Im Rahmen der Ermittlungen gegen die Hintermänner der widerwärtigen, pseudokatholischen Hass- und Fanatikerseite Kreuz.net – die Seite ist mittlerweile vom Netz genommen – hat sich bei der intensiven Fahndung nach den Verantwortlichen der Verdacht erhärtet, dass der Pfarrer von St. Jakob in Penzing, Christian Sieberer, neben fünf anderen Verdächtigen mit den Machern der Seite in enger Verbindung steht oder gar zu den Drahtziehern gehört. Spiegel TV hat sich auf die Spurensuche begeben und Pfarrer Sieberer zur Causa Kreuz.net befragen wollen (Sendung vom 25.11.2012, 23.15 Uhr). Als das Reporterteam den Geistlichen auf der Strasse in Penzing fragen wollte, wie er zu Kreuz.net stehe, ist dieser wortlos weitergegangen, hat keinen Mucks gemacht, die Anfrage eisern ignoriert.

Die (Nicht-)Reaktion spricht wohl für sich
Mal ehrlich: Hätte der „Pfaffenheini“, wie sich der ultrakonservative Priester selbst nennt, eine saubere Weste bezüglich Kreuz.net, hätte er anders reagiert oder zumindest den Reportern guten Gewissens mit ein paar wenigen Worten sagen können, er hätte nichts mit dem Hassportal zu tun. Kurzum: So reagiert kein Unbeteiligter. Sollte sich rausstellen, dass Sieberer mit Kreuz.net in Verbindung steht, dürfte ein Sturm über die Pfarre Penzing hereinbrechen. Und dann müsste die Erzdiözese Wien wohlüberlegt handeln. Erzbischof Christoph Kardinal Schönborn äusserte unlängst, er habe einen festen Verdacht, dass zwei Geistliche aus seiner Diözese mit hinter Kreuz.net stecken. Ob Pfarrer Sieberer einer der von ihm Verdächtigten ist? Letzterer ist dem Erzbischof seit einem Zwist um das Vetorecht bezüglich Wahlen innerhalb der Pfarre nicht mehr freundlich gesinnt.
Vor einem ähnlichen Problem steht indes das Bistum Mainz. Ein Priester im Raum Darmstadt – zum Bistum gehörend – hat erwiesenermassen auf Kreuz.net Beiträge mit hetzerischem Inhalt befürwortend mit Spott und Hohn kommentiert. Der Priester, namentlich handelt es sich um Pfarrer Hendrick Jolie, hüllte sich ebenfalls in Schweigen gegenüber dem Repoter-Team von Spiegel TV. Auch er sehr suspekt. Das Bistum hat ihn zu einem Gespräch zitiert. Und das Resultat? Es hat natürlich keine Konsequenzen. Einzig ein mildes Hinweisen, er soll sich künftig von dem Portal distanzieren. Schwach und einfach kennzeichnend für die Gesinnung der katholischen Kirche.
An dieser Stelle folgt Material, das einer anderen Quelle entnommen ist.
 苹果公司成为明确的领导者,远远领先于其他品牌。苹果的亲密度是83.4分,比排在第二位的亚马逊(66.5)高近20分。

Kreuz.net – das Werk einer bösartigen, gottlosen Gruppierung
Kreuz.net verbreitet seit Jahren menschenverachtendes Gedankengut, verunglimpft auf primitivste Weise Personen des öffentlichen Interesses, die aus Sicht von Kreuz.net mit den erzkonservativen Ansichten des Katholizismus nicht konform gehen, schürt Antisemitismus und Rechtsextremismus. Am allerstärksten jedoch hat Kreuz.net homosexuelle Menschen im Visier, beschimpft sie und ruft zu deren Verfolgung auf. Erneut in den Fokus geraten ist Kreuz.net im Oktober 2012 mit einem scheusslichen Hassartikel zu Dirk Bachs Tod, in dem der homosexuelle Schauspieler und Komödiant posthum aufs Übelste beschimpft worden ist („Jetzt brennt er in der ewigen Homohölle“, „Sittenverderber“, „Kotstecher“, „gesellschaftsschädlicher Homo-Gestörter“, …). Die Autoren und viele Kommentatoren bedienen sich primitivster Fäkalsprache. Die Eigenleistungen von Kreuz.net sind mehrheitlich redaktioneller Brechdurchfall.
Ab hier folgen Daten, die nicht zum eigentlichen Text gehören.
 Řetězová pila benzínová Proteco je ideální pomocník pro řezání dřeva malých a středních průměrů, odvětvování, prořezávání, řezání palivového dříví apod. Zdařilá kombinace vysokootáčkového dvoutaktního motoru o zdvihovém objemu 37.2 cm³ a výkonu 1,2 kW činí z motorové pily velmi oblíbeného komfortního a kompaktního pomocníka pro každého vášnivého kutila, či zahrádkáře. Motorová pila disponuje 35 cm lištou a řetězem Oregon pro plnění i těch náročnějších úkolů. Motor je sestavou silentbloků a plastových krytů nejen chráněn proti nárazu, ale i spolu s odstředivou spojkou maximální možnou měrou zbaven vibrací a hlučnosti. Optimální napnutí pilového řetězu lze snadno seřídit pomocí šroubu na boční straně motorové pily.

Einen aufschlussreichen und meiner Meinung nach sehr fundierten, in fast jeder Hinsicht zutreffenden Blick auf die Causa Kreuz.net gibt der offen homosexuell lebende katholische Tehologe David Berger (Interview lesen).

Zum Verständnis:
Die Hintergründe
Update

Pfarrkirche St. Jakob, Penzing

Pfarrkirche St. Jakob, Penzing. Hier predigt der „Pfaffenheini“.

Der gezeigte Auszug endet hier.